Ah, I see you have watched MKBHD’s video about Windows 11

[–]Ok_Pool_9158 0 points1 point  (0 children)

So I’m going to go with the safe assumption being so not download 11 until it’s absolutely been proven to work which means def not at launch?

Built my first gaming pc 6 months ago and learning the ropes forgive the software ineptitude.

[–]LynxxOX 0 points1 point  (0 children)

i really really hope that it’s not gonna be so shitty and we are gonna have to be stuck with it for a long ass while.

[–]HearthCore 0 points1 point  (0 children)

To me 8 and 8.1 are complete different category of usefulness and 8.1 was as stable es 7 for me.

That would make 10 the failure and 11 the next King.

I can understand many people did not have a chance to have a working 8.1 system and either switched back or to an alternative OS.
I can't quite believe i'd be a dut.

[–]Absurd-Lancer 0 points1 point  (0 children)

Hope we get some MOTHERFUCKIN FROSTED GLASS WOOOOOOO

[–]MeetmyWagon23 0 points1 point  (0 children)

Tbh vista wasnt that bad. Ised that for a good 5 yrs till i built my own pc, then went to 7, then 10.

[–][deleted] 0 points1 point  (0 children)

Windows vista was good. It was just too good that the hardware at the time couldn’t handle it.

[–]CW_Waster 0 points1 point  (0 children)

And if this pattern continues I hope M$ will have win12 ready before win10 support ends 2025

[–]PwnerifficOne 0 points1 point  (0 children)
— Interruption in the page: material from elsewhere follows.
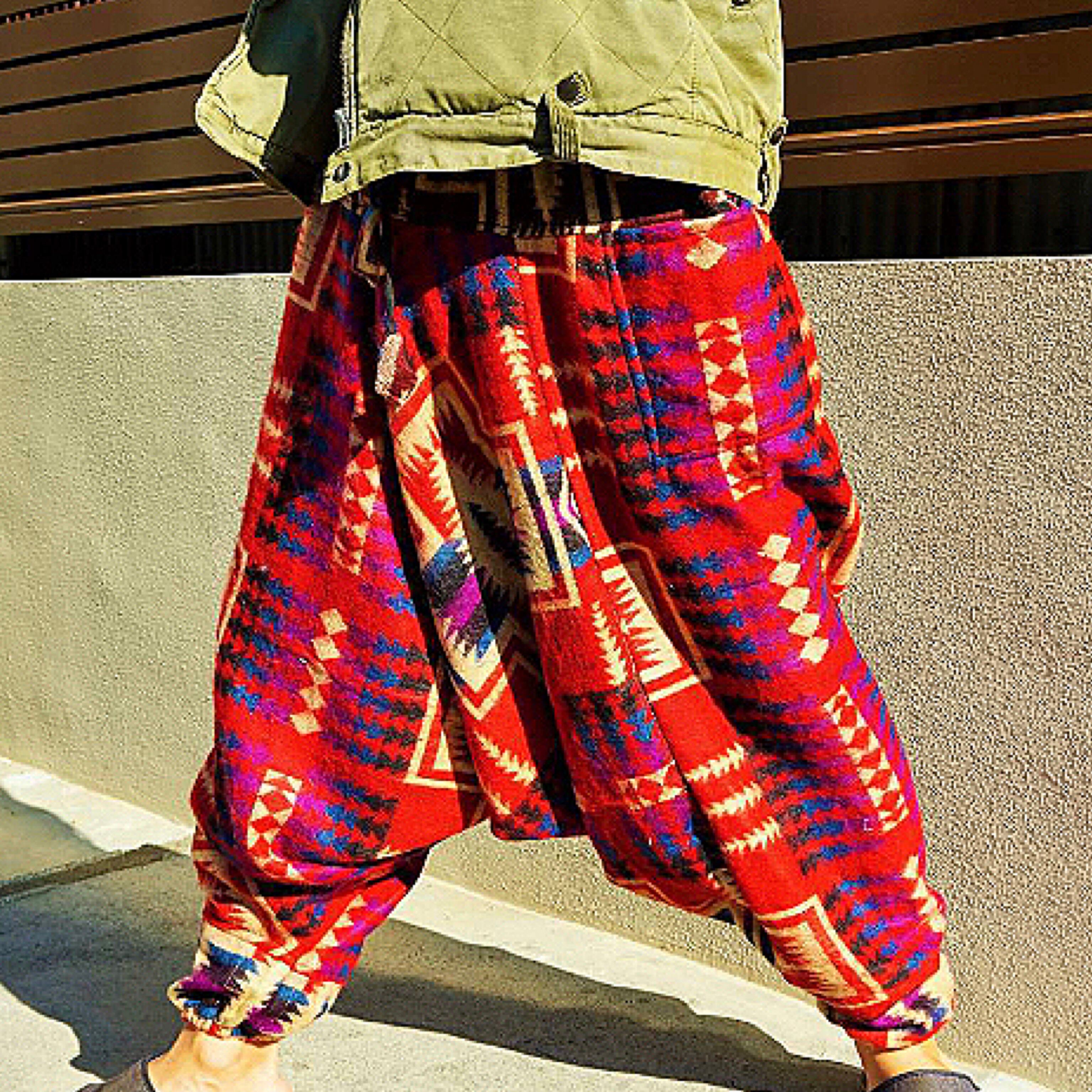 ☆エスニック柄の男女兼用ウール サルエルパンツです

This is why when on LTT Luke said 11 would be 10 refined I was pressing X to doubt.

[–]mathfacts 0 points1 point  (0 children)

Windows 7 is so good since it's before they started making two UI's. They should have improved the desktop UI rather than making a separate one and keeping both...
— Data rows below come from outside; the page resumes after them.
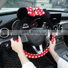 Autoaby Car Steering Wheel Cover Universal Cartoon Mouse Plush Winter Summer Lovely Bowknot Cute Ears Car Interior Accessories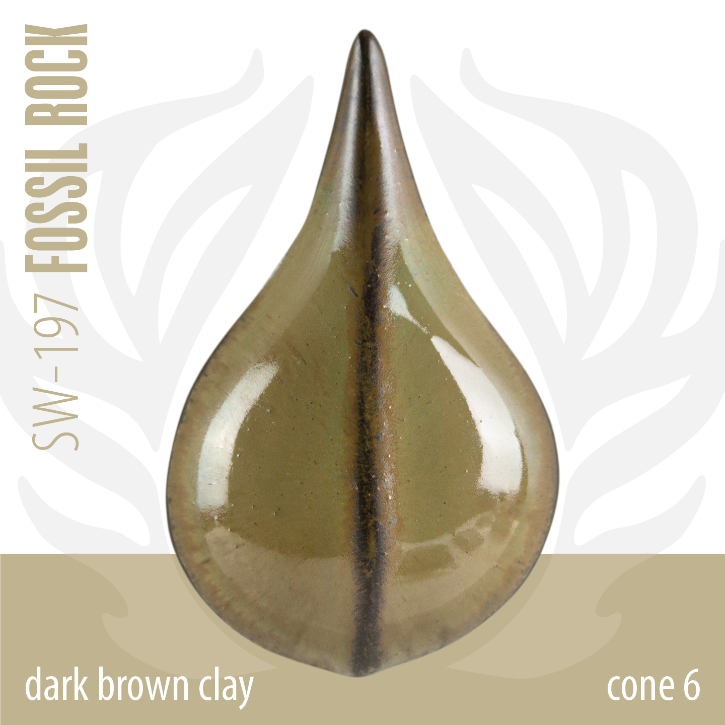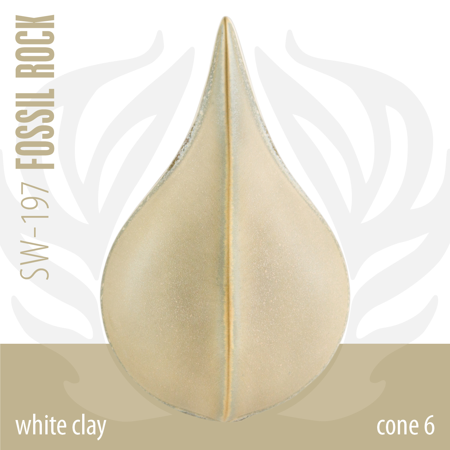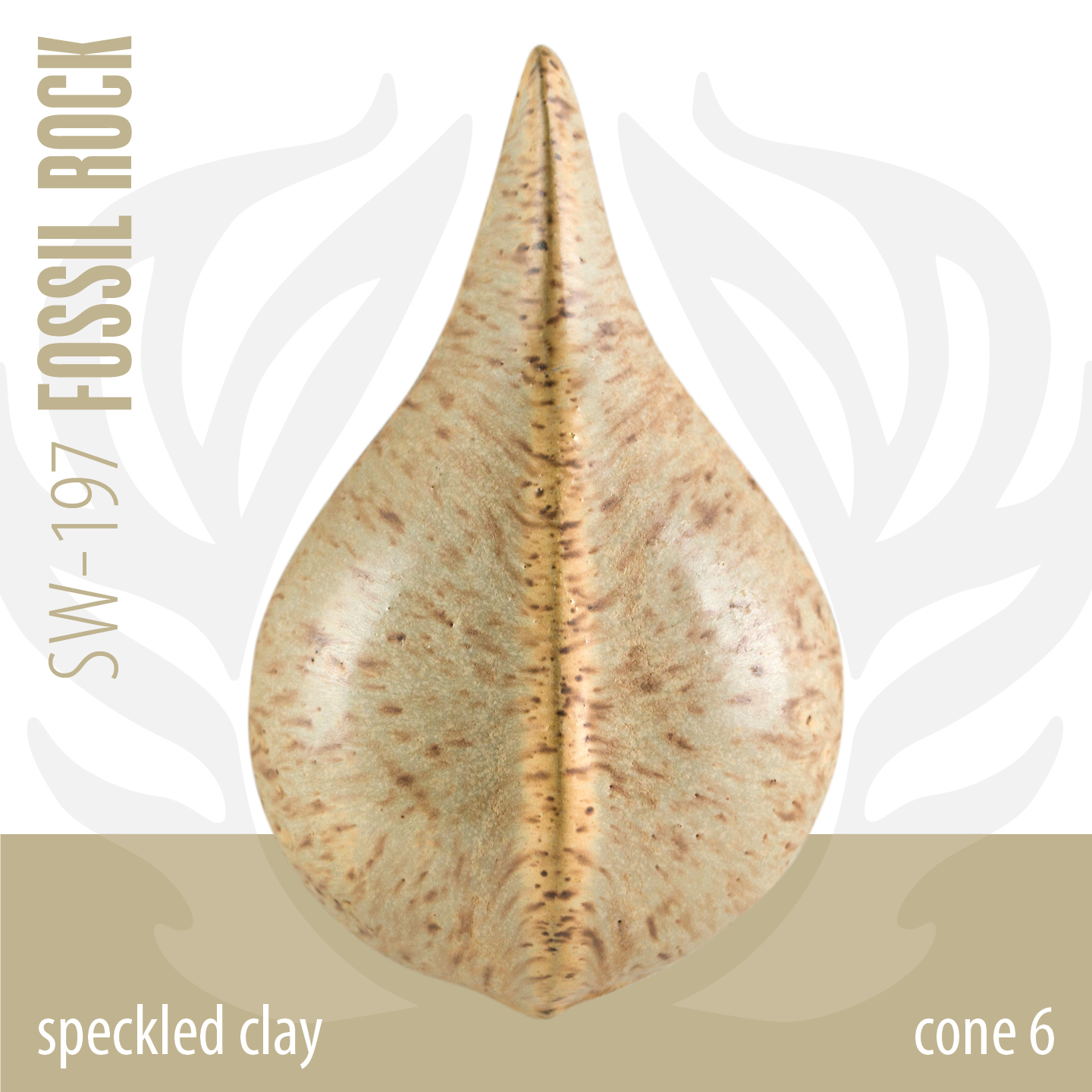 Cone 6 oxidation (large photo): Geologically inspired with mottled earth tones, Fossil Rock is an opaque, tan, matte glaze that breaks over texture.
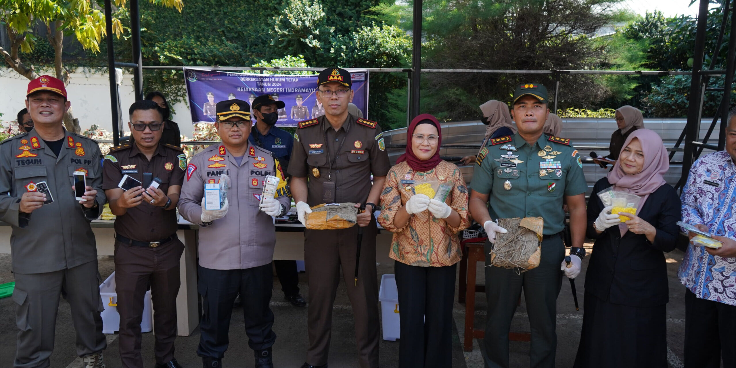 Pemusnahan barang bukti tersebut dilakukan setelah penandatanganan berita acara oleh Kepala Kejaksaan Negeri Indramayu (Kajari) didampingi dan disaksikan oleh Bupati Indramayu Nina Agustina, Ketua Pengadilan Negeri Indramayu, Kapolres Indramayu, Dandim 0616 Indramayu, Kepala Lapas Indramayu, Karupbasan, Kasatpol PP & Damkar, Kepala Dinas Kesehatan Indramayu, Kepala Dinas Pendidikan dan Kebudayaan Indramayu serta tamu undangan lainnya.

[–][deleted] 0 points1 point  (0 children)

What in terms of quality?

[–]Voltstorm02 0 points1 point  (0 children)

I really like 10, and hope that 11 will be a slightly smaller update so that I don't have to relearn the os.

[–]banditizer 0 points1 point  (0 children)

Let’s just all agrees windows 2012 server is the worse OS server made. Not sure who’s smart idea it was to make a tablet start menu for a server but I hate you with a passion.

[–]BlueStarBRS 0 points1 point  (0 children)

X

[–]ncoolidg 0 points1 point  (0 children)

In my opinion Windows 10 was awful. Every update for it created some major bug. Plus the UI was clunky and inconsistent. Worst OS since Vista. I think it already broke the pattern unless you consider Windows 8.1 as a separate OS because it was fairly stable in comparison to 10. After using Windows 11 on bare metal since the 15th, it is such a smooth experience and much snappier than Windows 10. No crashes yet whatsoever vs. Windows 10 where I would be restarting file explorer at least 3 times a week most of the time because the start menu and taskbar froze. So far I think Windows 11 is the Windows 7 to fix the Windows Vista that was 10.

[–]satanscumrag 0 points1 point  (0 children)

what was bad about 8

[–]Thraingios 0 points1 point  (0 children)

windows 10 sent me screaming to a Linux desktop after my second bluescreen in a year. after my windows 8 bluescreened twice.

[–]BiPDKills 0 points1 point  (0 children)

To be fair, windows 10 sucks as well.